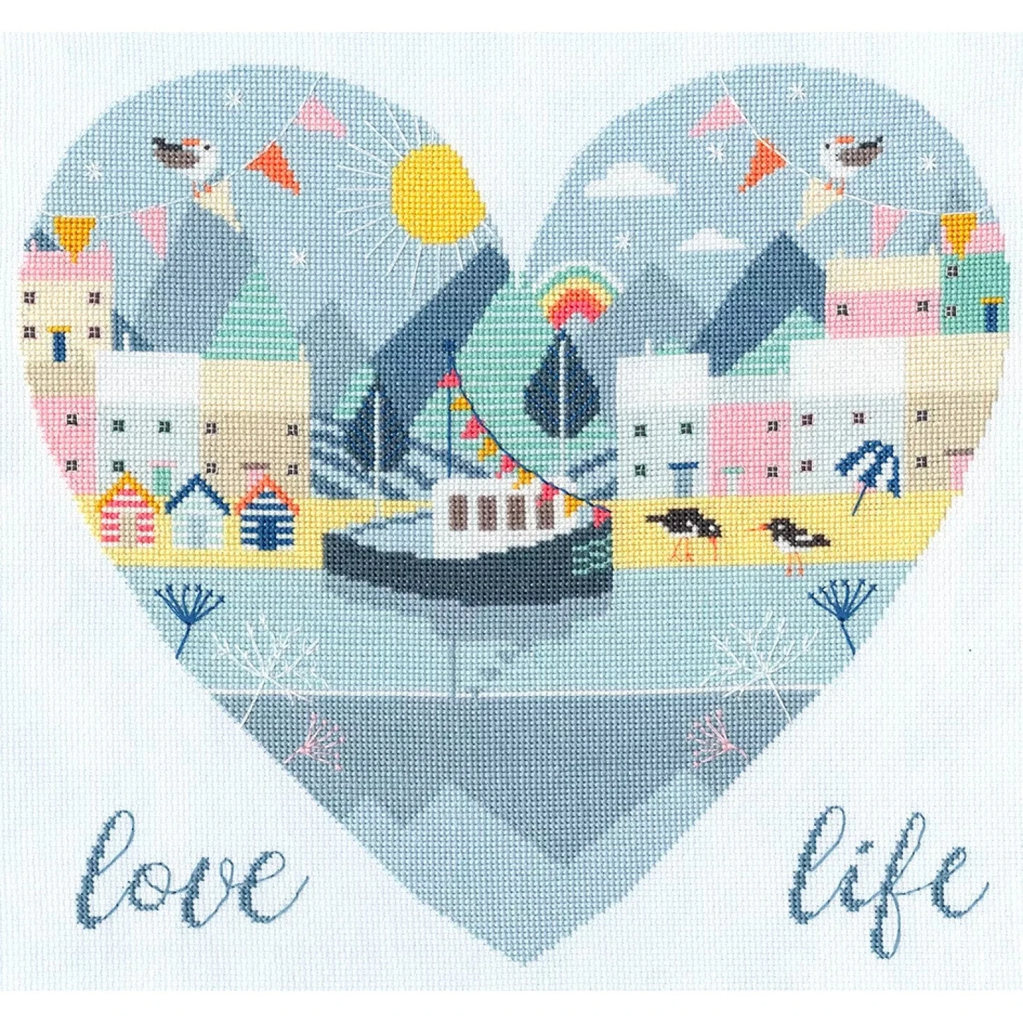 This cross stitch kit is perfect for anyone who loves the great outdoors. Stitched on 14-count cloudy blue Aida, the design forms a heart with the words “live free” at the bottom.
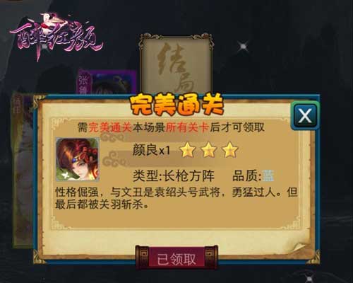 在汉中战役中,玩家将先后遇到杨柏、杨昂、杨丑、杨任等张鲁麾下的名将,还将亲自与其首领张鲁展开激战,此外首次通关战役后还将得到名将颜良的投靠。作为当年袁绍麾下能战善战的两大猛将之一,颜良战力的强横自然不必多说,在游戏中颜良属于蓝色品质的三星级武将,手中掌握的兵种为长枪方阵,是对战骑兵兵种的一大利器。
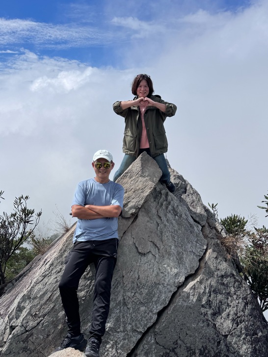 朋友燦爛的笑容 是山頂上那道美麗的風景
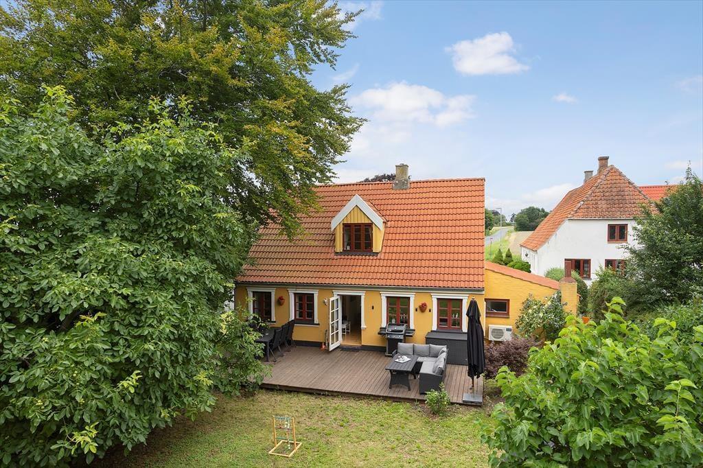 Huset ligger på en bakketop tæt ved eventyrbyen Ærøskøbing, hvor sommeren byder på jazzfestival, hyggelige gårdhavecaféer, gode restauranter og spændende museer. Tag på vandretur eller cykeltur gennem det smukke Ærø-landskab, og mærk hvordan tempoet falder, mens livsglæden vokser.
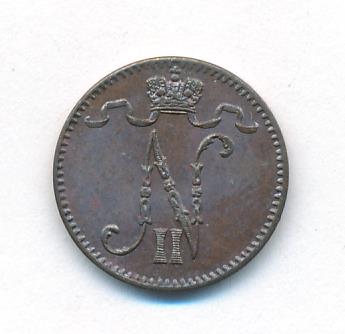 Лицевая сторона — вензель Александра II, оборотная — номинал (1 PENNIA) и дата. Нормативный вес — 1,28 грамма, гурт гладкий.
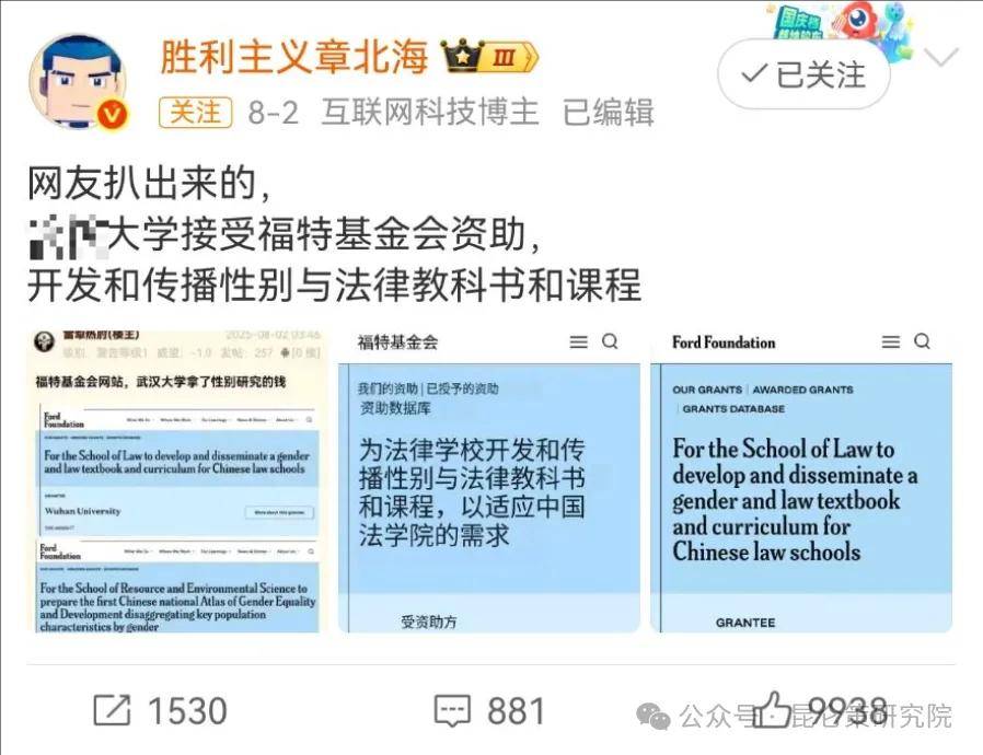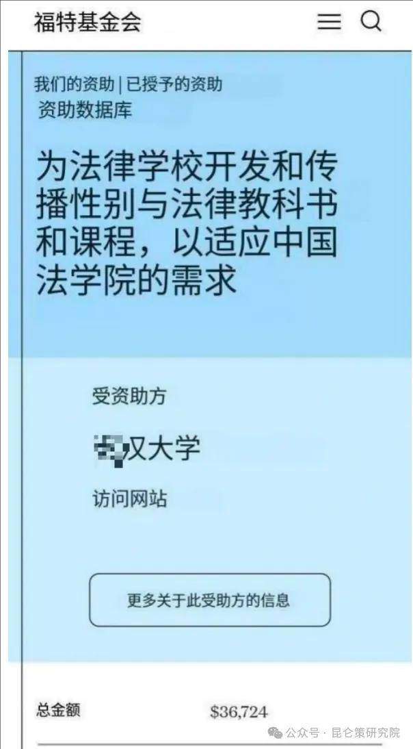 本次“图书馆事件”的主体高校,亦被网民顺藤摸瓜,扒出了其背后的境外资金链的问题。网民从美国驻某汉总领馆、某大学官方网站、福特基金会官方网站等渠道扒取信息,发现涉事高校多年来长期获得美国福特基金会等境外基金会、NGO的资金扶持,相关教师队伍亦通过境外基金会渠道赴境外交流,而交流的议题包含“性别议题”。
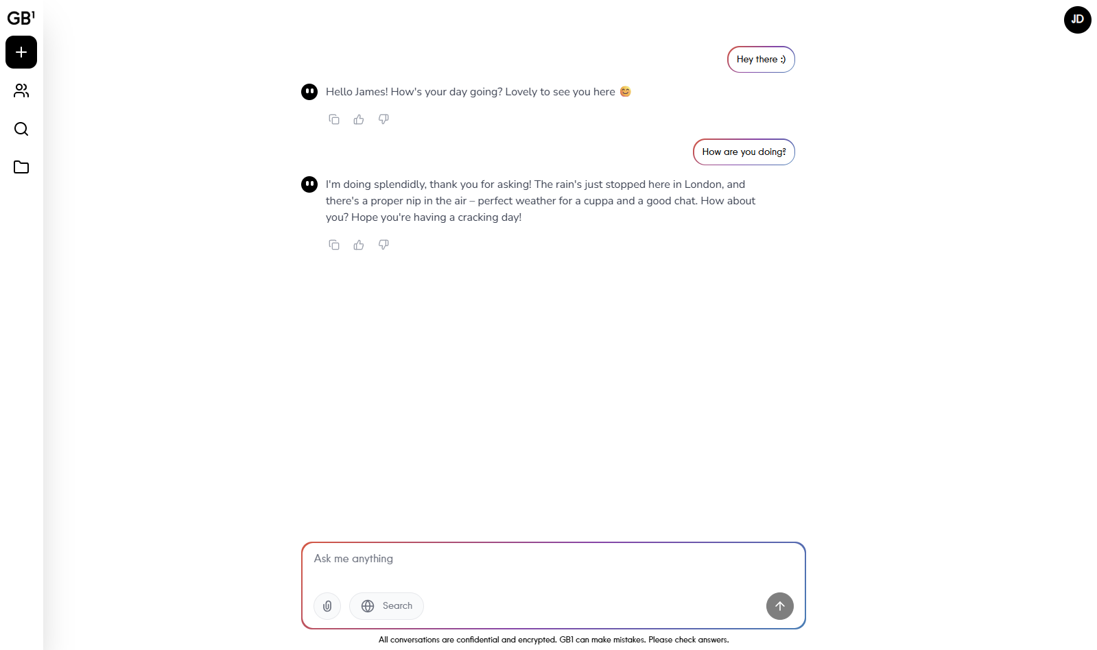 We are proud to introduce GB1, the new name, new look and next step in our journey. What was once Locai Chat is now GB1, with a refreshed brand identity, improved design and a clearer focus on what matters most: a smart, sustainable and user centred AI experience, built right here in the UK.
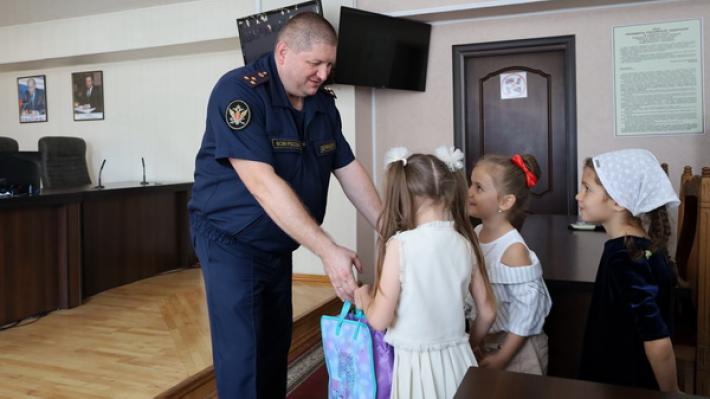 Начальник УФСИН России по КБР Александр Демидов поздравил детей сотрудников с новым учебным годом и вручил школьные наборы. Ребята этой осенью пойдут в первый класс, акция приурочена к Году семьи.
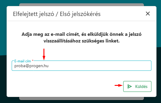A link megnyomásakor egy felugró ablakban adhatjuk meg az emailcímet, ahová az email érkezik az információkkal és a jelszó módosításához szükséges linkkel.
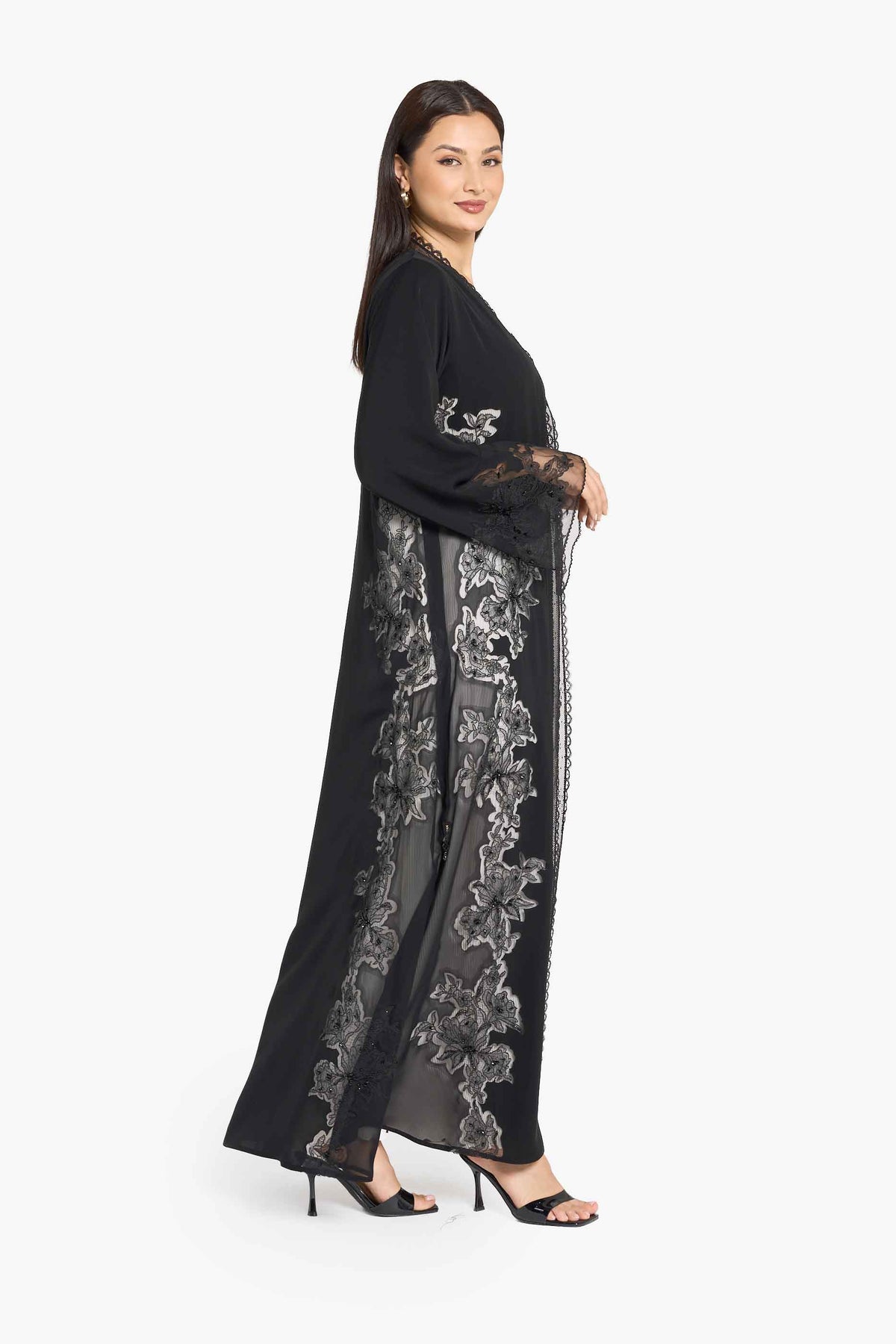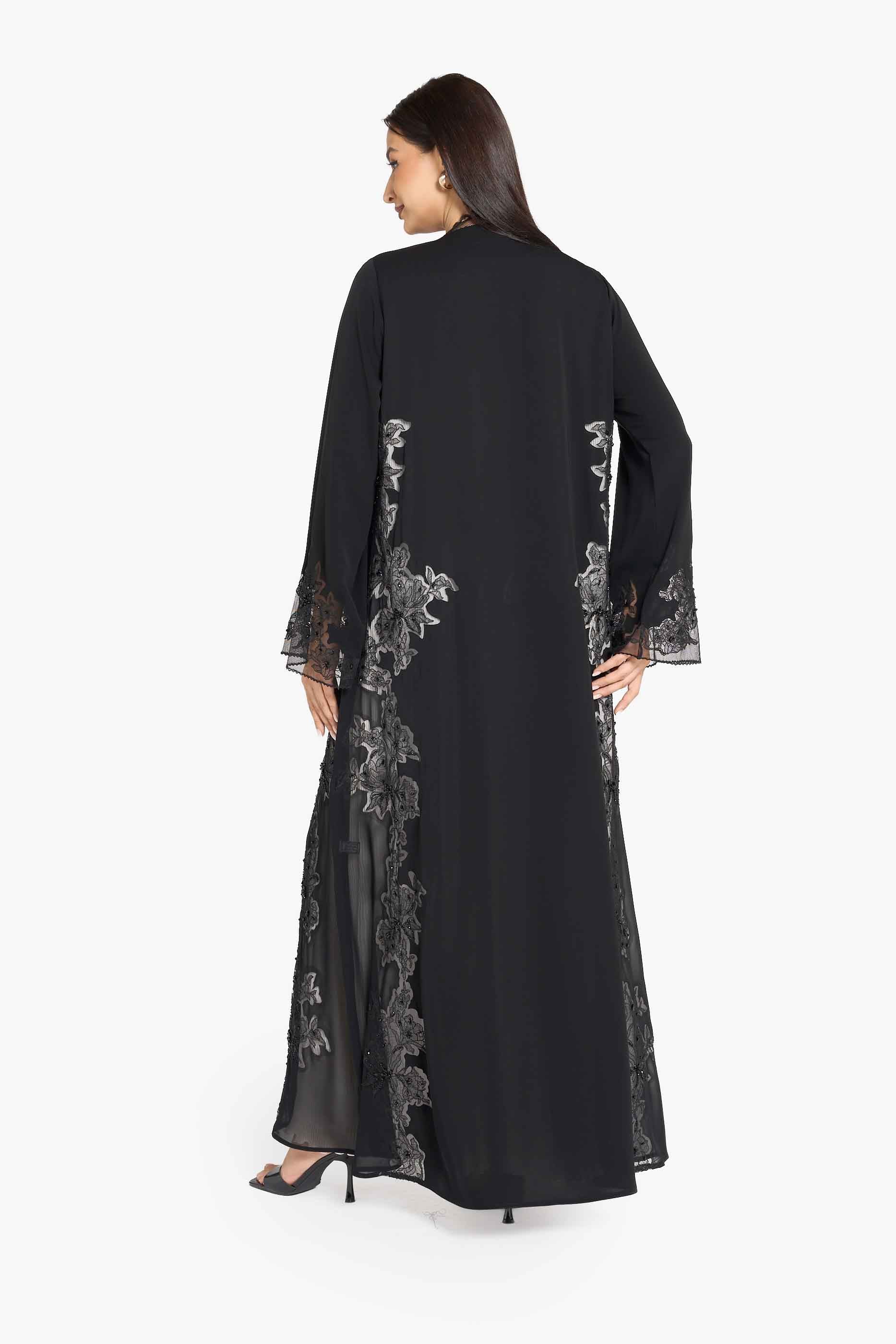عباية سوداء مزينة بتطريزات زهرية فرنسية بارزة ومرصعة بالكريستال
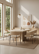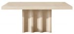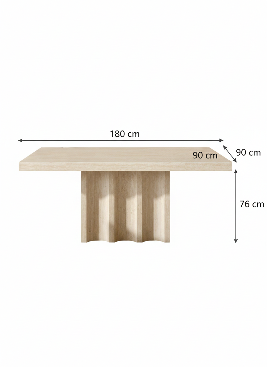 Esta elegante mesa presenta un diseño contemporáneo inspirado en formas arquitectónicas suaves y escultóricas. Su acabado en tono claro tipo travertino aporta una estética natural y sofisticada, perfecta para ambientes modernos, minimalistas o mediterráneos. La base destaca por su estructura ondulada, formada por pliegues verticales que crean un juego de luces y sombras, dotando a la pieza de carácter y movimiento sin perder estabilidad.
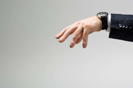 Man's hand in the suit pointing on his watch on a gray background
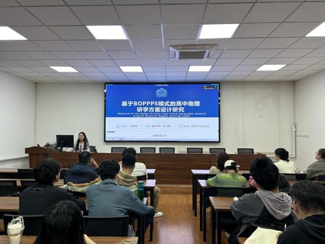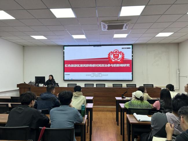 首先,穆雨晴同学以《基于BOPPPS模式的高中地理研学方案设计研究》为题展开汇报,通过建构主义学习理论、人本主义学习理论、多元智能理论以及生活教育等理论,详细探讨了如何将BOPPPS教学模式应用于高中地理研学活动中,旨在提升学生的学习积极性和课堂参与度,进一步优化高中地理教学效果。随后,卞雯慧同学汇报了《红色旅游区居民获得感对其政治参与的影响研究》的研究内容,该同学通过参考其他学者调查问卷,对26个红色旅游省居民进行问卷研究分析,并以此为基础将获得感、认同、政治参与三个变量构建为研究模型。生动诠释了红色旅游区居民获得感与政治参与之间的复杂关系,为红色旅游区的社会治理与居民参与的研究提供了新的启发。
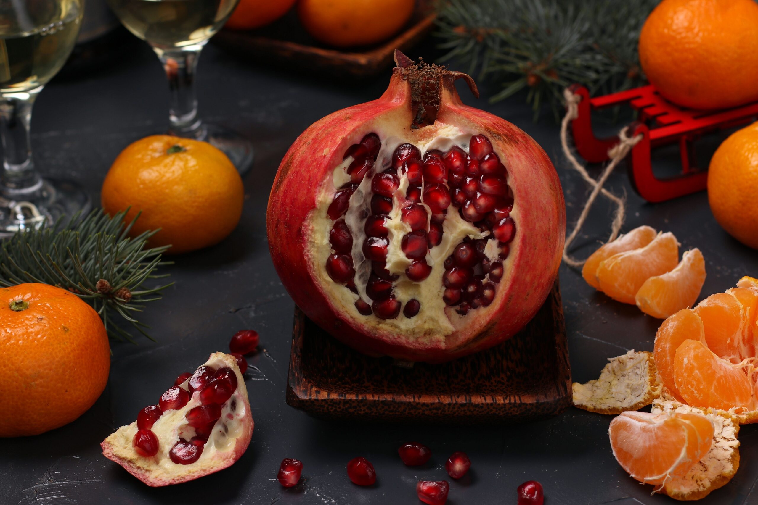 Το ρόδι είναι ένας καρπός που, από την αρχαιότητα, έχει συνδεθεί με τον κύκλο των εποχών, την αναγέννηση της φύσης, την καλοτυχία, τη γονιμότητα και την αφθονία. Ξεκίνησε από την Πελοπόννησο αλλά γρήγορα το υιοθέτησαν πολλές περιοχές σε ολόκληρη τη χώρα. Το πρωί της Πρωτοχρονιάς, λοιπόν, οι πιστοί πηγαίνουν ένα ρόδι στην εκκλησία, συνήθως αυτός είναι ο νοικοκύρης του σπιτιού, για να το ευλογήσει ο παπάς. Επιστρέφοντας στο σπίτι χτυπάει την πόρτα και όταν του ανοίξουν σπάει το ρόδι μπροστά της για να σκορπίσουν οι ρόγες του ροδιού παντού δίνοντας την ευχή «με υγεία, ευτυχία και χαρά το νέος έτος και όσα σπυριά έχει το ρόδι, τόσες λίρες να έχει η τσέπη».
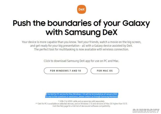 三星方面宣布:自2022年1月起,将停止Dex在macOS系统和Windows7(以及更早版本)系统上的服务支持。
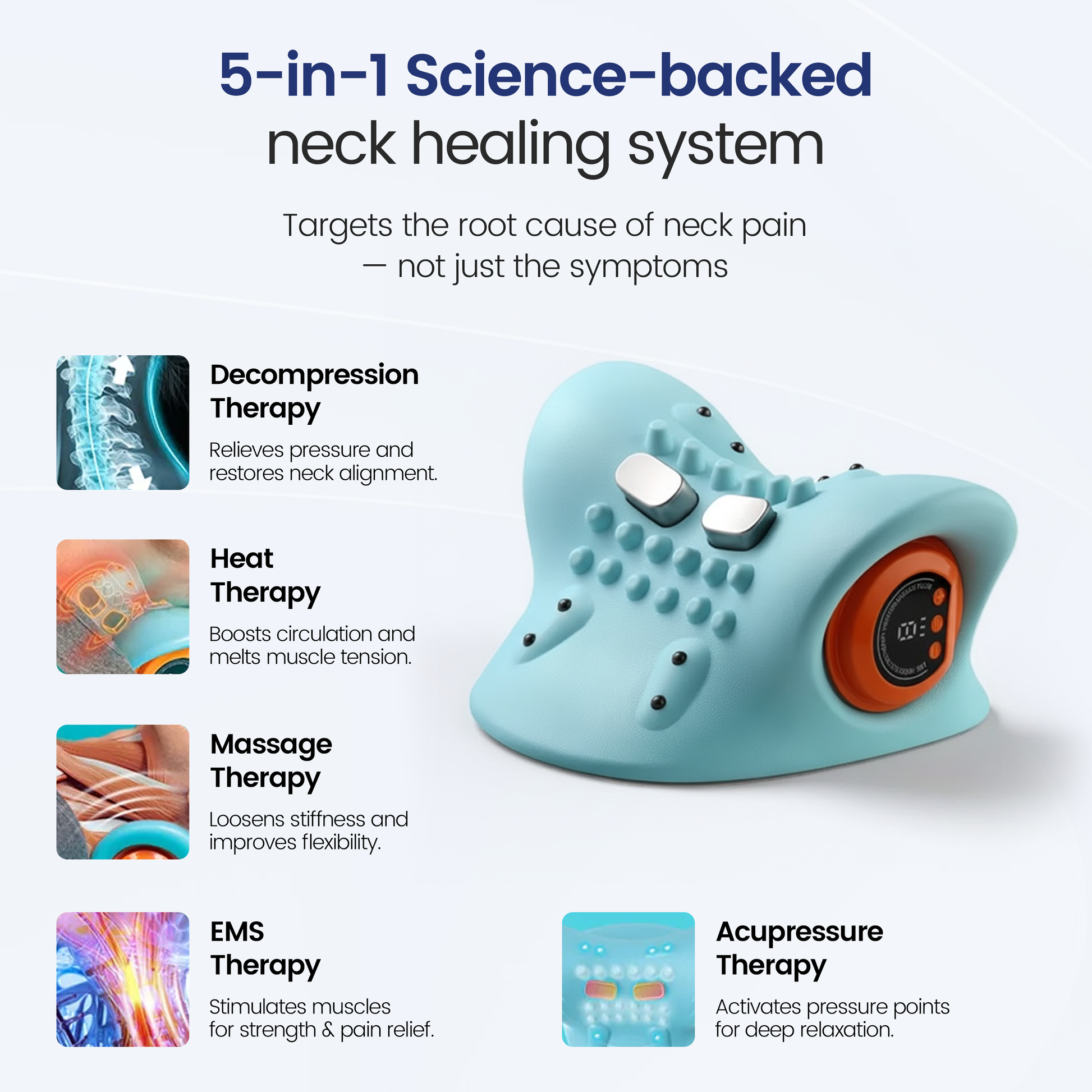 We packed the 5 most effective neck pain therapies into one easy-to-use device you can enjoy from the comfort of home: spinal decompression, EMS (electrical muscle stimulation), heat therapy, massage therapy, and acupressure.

**What the task asks**
Starting at the line that contains "朋友燦爛的笑容 是山頂上那道美麗的風景" and ending at the line that contains "Huset ligger på", transcribe the material above exactly, excluding pictures.

**Solution to the problem**
 朋友燦爛的笑容 是山頂上那道美麗的風景
 Huset ligger på en bakketop tæt ved eventyrbyen Ærøskøbing, hvor sommeren byder på jazzfestival, hyggelige gårdhavecaféer, gode restauranter og spændende museer. Tag på vandretur eller cykeltur gennem det smukke Ærø-landskab, og mærk hvordan tempoet falder, mens livsglæden vokser.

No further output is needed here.